BIOGRAPHIES



Andrée C. Ehresmann is "Professeur Emérite" at the Université de Picardie Jules Verne, Amiens, and Director of the international Journal Cahiers de Topologie et Géométrie Différentielle Catégoriques. Author or Editor of several books (e.g. Memory Evolutive Systems, 2007 and Integral Biomathics, 2012) she has published more than 100 papers on different mathematical or multidisciplinary domains. These include functional analysis with applications to control and optimization problems; category theory (sketches, higher order categories, with Charles Ehresmann); a theory of Memory Evolutive Systems, a model based on a 'dynamic' category theory, for living organisms, such as biological, social or cultural systems, with application to the emergence of higher cognitive processes (developed with Jean-Paul Vanbremeersch); and recently she initiated a study of anticipation and individual or collective creativity (with Mathias Béjean) . Most of the papers are accessible on her site http://ehres.pagesperso-orange.fr


Olivia Lucca Fraser is an independent researcher living in Halifax, Nova Scotia, with her four youngest children. She is a participant in several geographically dispersed research networks including the New Centre for Research and Practice, the Jan van Eyck Association, the Form & Formalism Working Group, and a feminist collective writing under the shared pseudonym, 'Laboria Cuboniks'. Her research deals with mathematical logic, dialectics, feminist and accelerationist political theory, computation, and artificial intelligence. She writes theoretical essays, poems, and code.

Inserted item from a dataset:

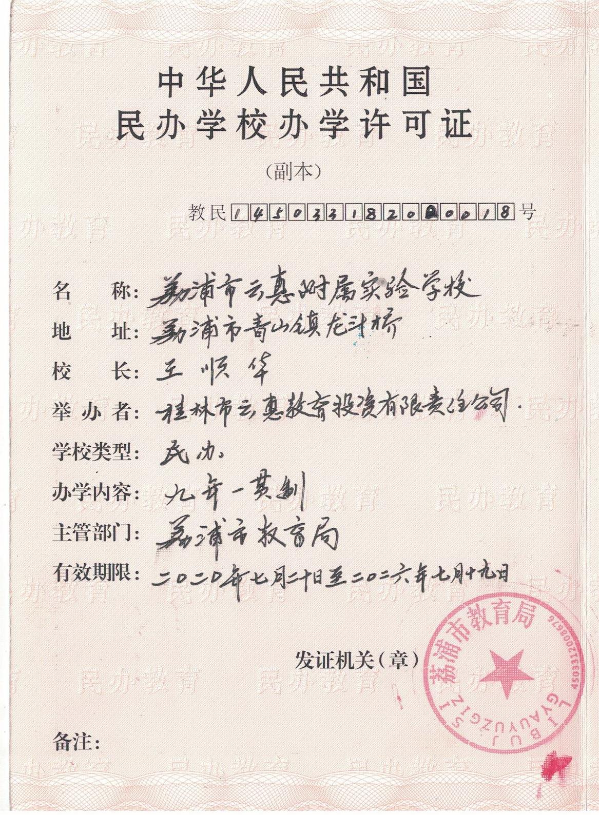 云惠学校办学许可证

Martin Holbraad is a UK-based anthropologist, Reader in Social Anthropology at University College of London (UCL). His main field research is in Cuba, where he focuses on Afro-Cuban religions and revolutionary politics. He is the author of Truth in Motion: The Recursive Anthropology of Cuban Divination (Chicago, 2012). He is also co-editor of Thinking Through Things: Theorising Artefacts Ethnographically (Routledge, 2007), and of a volume on the contemporary relevance of the anthropological study of cosmology, entitled Framing Cosmologies: The Anthropology of Worlds (Manchester, 2014). Holbraad has also conducted research with the UK-based theatre groups Frantic Assembly and Real Circumstance, exploring the practices of theatrical creativity and their ‘reality effects.’ At present, together with Morten Axel Pedersen, he is writing a book provisionally titled The Ontological Turn: An Anthropological Exposition. Due to appear in 2016 with Cambridge University Press, the book seeks to elucidate the recent emergence of the so-called ‘ontological turn’ as a distinctive anthropological orientation, articulating its core tenets and methodological implications, and exploring its influence in contemporary anthropological research. He also directs Making Selves, Making Revolutions: Comparative Anthropologies of Revolutionary Politics (CARP), a 5-year ERC-funded project launching the comparative study of revolutionary personhood as a new departure for anthropological research.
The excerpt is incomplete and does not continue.